Dusty, Derelict…But Not Dead

Daily writing prompt
What have you been working on?

Imagine waking up one day and facing the fact that more than half of your lifespan is over…. and all you had worked and sacrificed to achieve meant nothing.

Who you were… Evaporated.
What you were… No longer viable.
Achievements… Pointless.
Your physical body… Significantly altered.
Your mind… Unstable with mental trauma DLC’s installed.
Rehab… Never-ending.
New injuries popping up from previous physical trauma.
Significant weight gain.
Limited mobility and endurance.

A self-educated, free spirited, highly independent person transformed overnight into what I felt was a codependent house husband. It crushed my spirit for years.
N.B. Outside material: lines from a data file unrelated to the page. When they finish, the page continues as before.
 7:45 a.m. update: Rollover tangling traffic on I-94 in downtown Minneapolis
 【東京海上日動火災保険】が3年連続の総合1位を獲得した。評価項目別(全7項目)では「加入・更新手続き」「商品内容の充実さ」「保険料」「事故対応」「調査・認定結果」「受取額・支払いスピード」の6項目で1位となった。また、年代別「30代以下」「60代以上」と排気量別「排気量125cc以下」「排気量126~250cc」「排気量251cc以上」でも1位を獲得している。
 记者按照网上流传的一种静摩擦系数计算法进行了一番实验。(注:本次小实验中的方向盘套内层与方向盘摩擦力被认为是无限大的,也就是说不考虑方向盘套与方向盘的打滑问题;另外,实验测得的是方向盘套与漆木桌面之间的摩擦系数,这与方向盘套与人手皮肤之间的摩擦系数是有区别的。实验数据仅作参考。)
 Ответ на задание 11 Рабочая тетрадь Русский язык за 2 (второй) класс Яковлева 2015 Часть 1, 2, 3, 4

My most valuable assets could no longer be trusted – my intelligence and my ability to improve performance while under heavy pressure. After the wreck, I developed severe anxiety. The pressure of leaving the house to run simple errands had been known to initiate anxiety attacks.
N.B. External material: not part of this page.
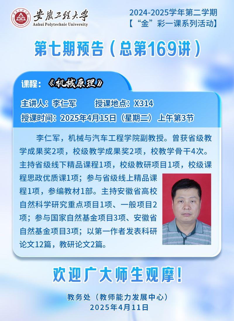 2024-2025学年第二学期【“金”彩一课系列活动】第七期预告(总第169讲)
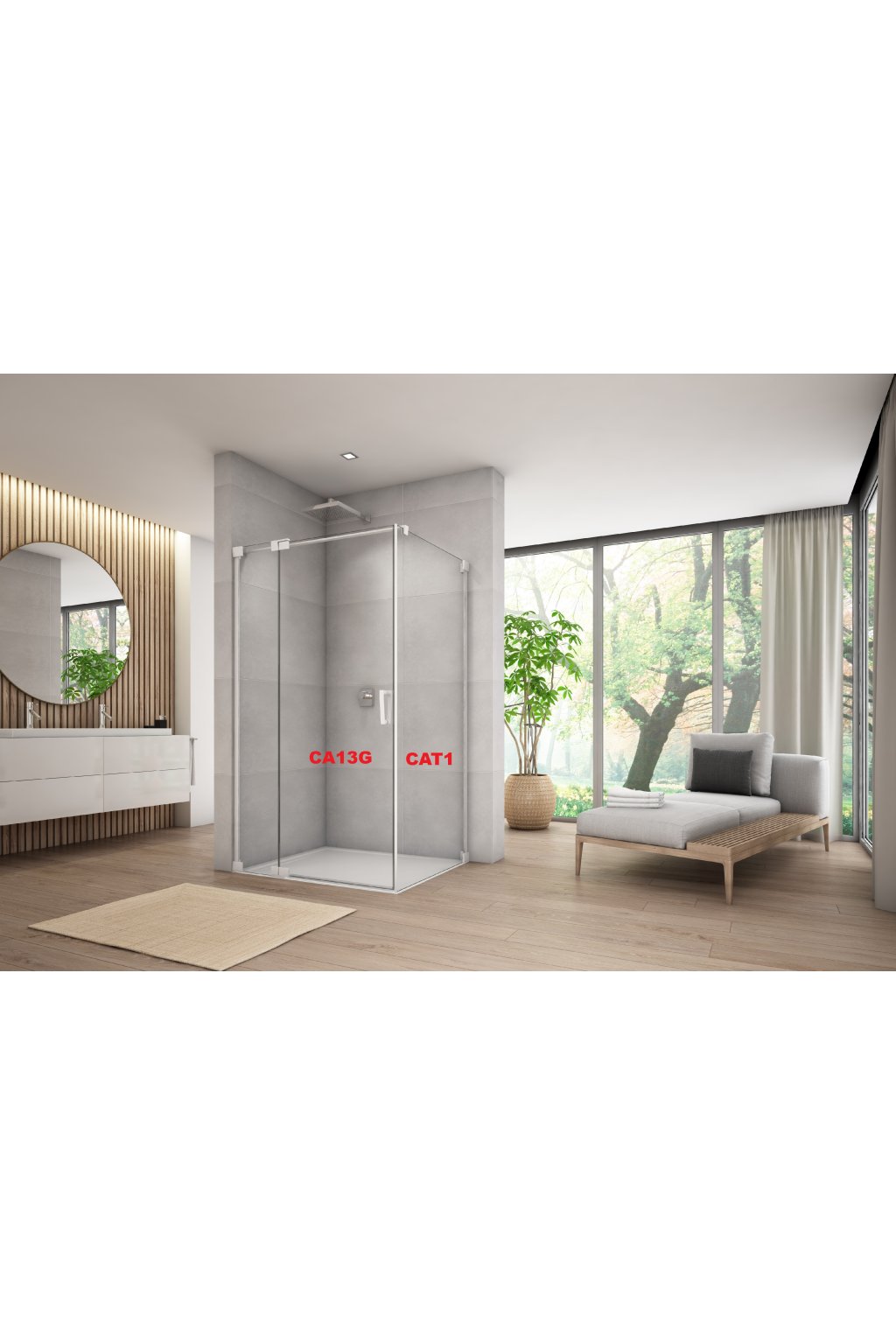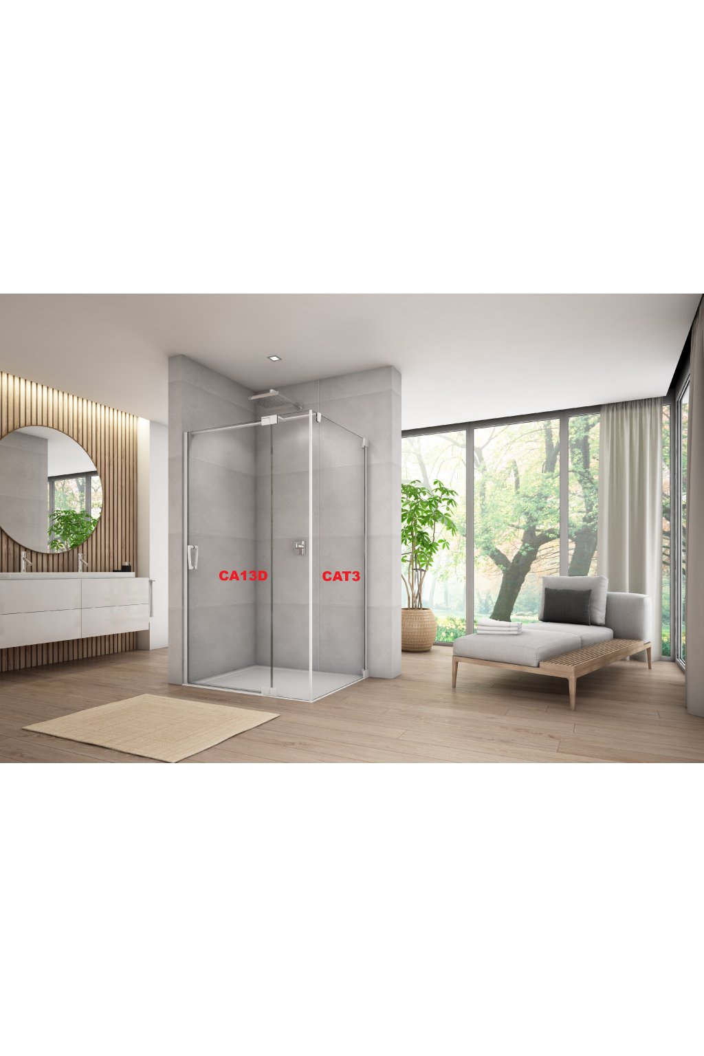 Dveře CA13 lze kombinovat i s boční sprchovou stěnou CAT1 nebo CAT3 v 90°.

To shorten this entry I’ll skip to this -All I have done since the wreck could be filed under the category of “existing”.
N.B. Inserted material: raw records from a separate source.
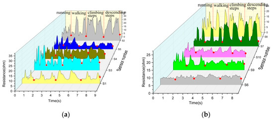 In S3, S5, S9 and S10 the changes of resistance waveform in each region are different and the resistance is higher during running than during the other three movements. When walking, the change of resistance is clear. A big difference is observed between the upper and lower steps in S3 and S10, whereas the change of resistance is similar in S5 and S9. Although fabric sensors have shown excellent performance in human motion recognition and other fields, most sensors are single or integrated as additive parts in the test [5,40]. In this work, conductive yarns were directly positioned and knitted into elastic leggings to test different area sensors and determine the best sensor area.
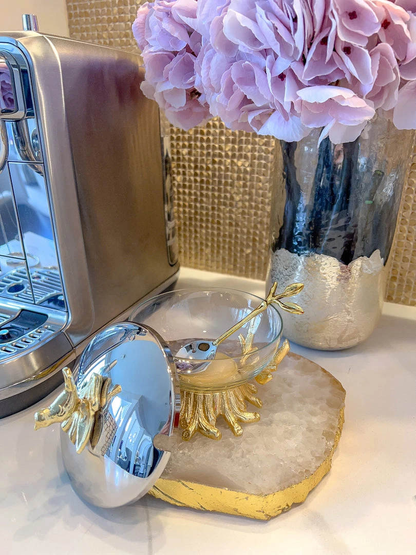 Description: This glass jar sits atop a golden branch base and the silver metal lid has the cutest little golden bird. This gorgeous piece is perfect for holding sugar, honey or jam.
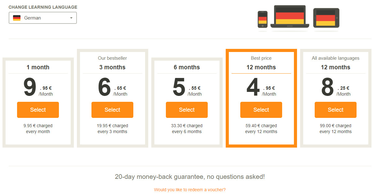 こちらからアクセスすると1週間無料になりますのでぜひ。料金のリストは、ドイツ語の場合こんな感じで、私はなんとなく12か月のにしてみました。
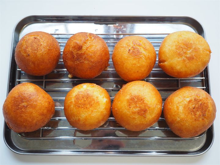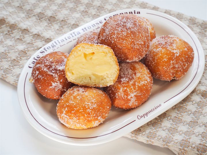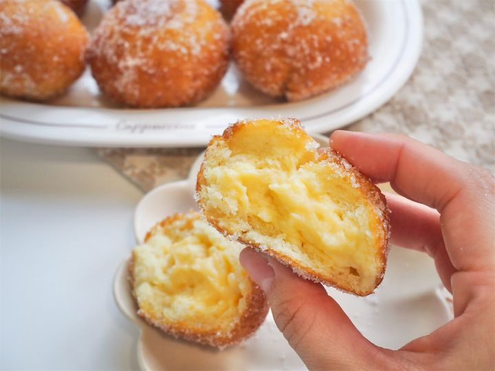 また、まんまるkitchenさんによると、カスタードの代わりにあんこを詰めたり、具を入れずにきな粉やココアをまぶすのもおすすめとのこと。個人的には、ホイップクリームをあとから注入してもよさそうだし、面倒なときはディップして食べても◎。シナモンシュガーをまぶしたり、生地自体にココアや抹茶パウダーを混ぜて風味を変えるのもいいかもと感じました。“おうちドーナツ“の楽しみが広がるレシピでした。
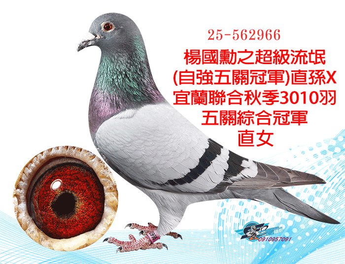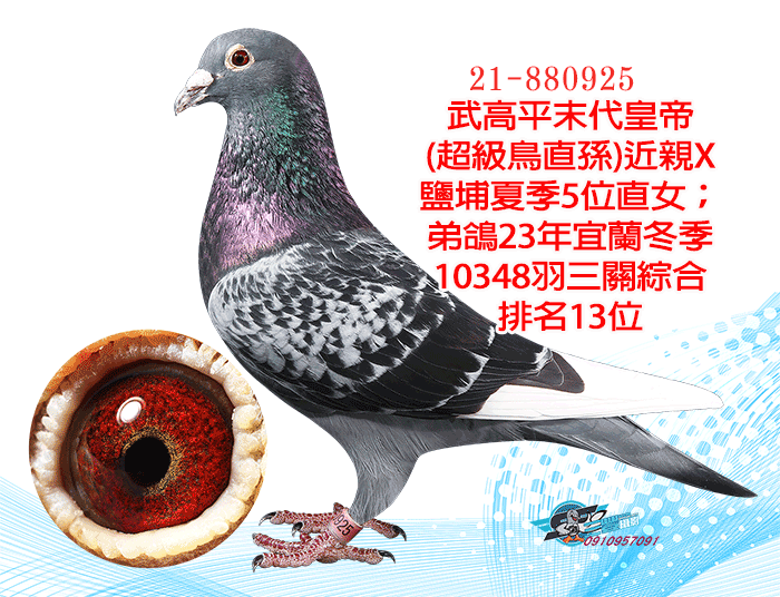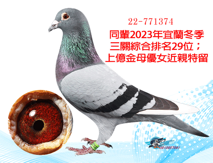 武高平末代皇帝(超級鳥直孫)近親X鹽埔夏季5位直女;弟鴿23年宜蘭冬季10348羽三關綜合排名13位
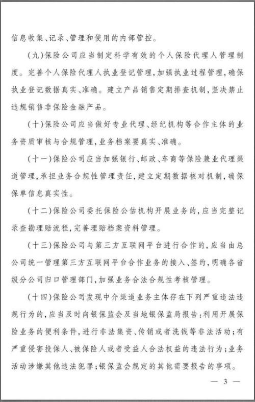 具体则包括加强中介渠道保单真实性管理,针对个人保险代理人、专业代理、经纪机构、银行、邮政、车商等保险兼业代理渠道以及保险公估机构、第叁方互联网平台等的合规性管理。
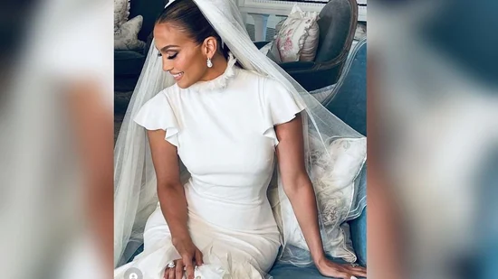 The caption stated, "First peek at my wedding looks at OnTheJLo.com." It goes without saying that she looked ethereal in the close-up photo she shared of herself as a bride.
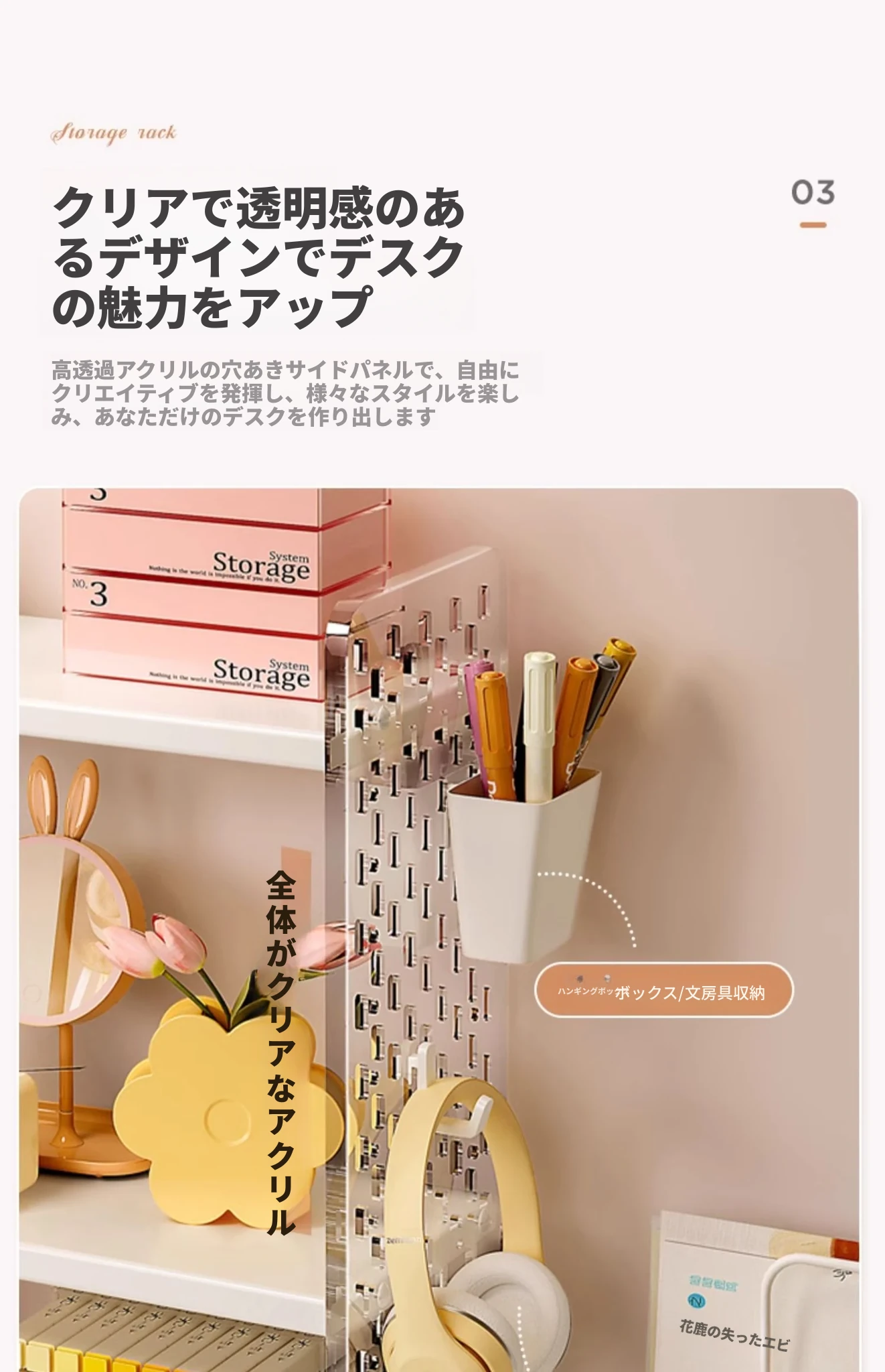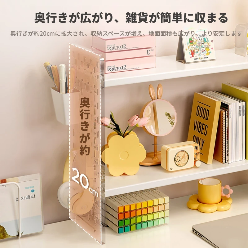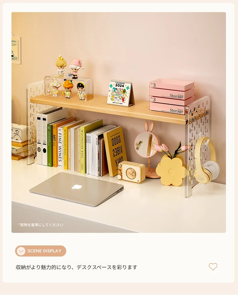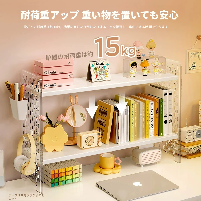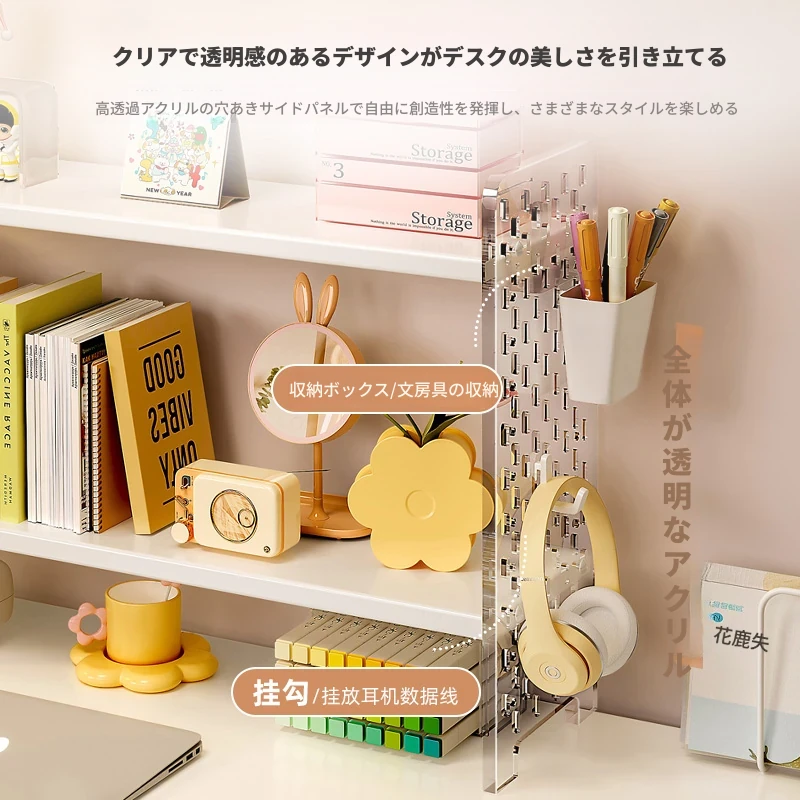 デスク上の便利なアクリルディスプレイスタンド!書籍や文房具を整理整頓できるおしゃれな収納ラック。オフィスや自宅の作業スペースをスッキリと整え、効率的な作業環境を実現します!

Then yesterday happened. I went to my provider for half a day of testing and psychological evaluation. Memory tests of varied types. Visual identification flip charts. Listen and recite in the order requested… etc, etc…

Roughly four hours of stress-testing my mind without distractions. Although nervous, I was a mix of curiosity and excitement… But in the back of my mind I was fearful – what if I bombed? Although the tests are made to be indicators and do not have pass/fail associations, I would be devastated if I performed poorly.

About half way through, the psych paused and made a comment that broke me.

“I’m already seeing a pattern… As the tests increase in difficulty, so does your performance. I can tell you’re highly intelligent and extraordinarily self aware.”

All I could think was “Heyyyy… there I am .” In that moment, I finally decided to pick up the one word that was left on the highway that day so many years ago…

Hope.

It was such an emotionally overwhelming moment that it was all I could do to maintain my composure. I finally found a part of me I recognized. It was never lost, just buried under mountains of trauma. It needed time to work in the background sorting through everything.

Now that I have been reintroduced to my toolkit, my plan is to get back to working on the new version of me and how I can be a better human for myself as well as for those who choose to be around me.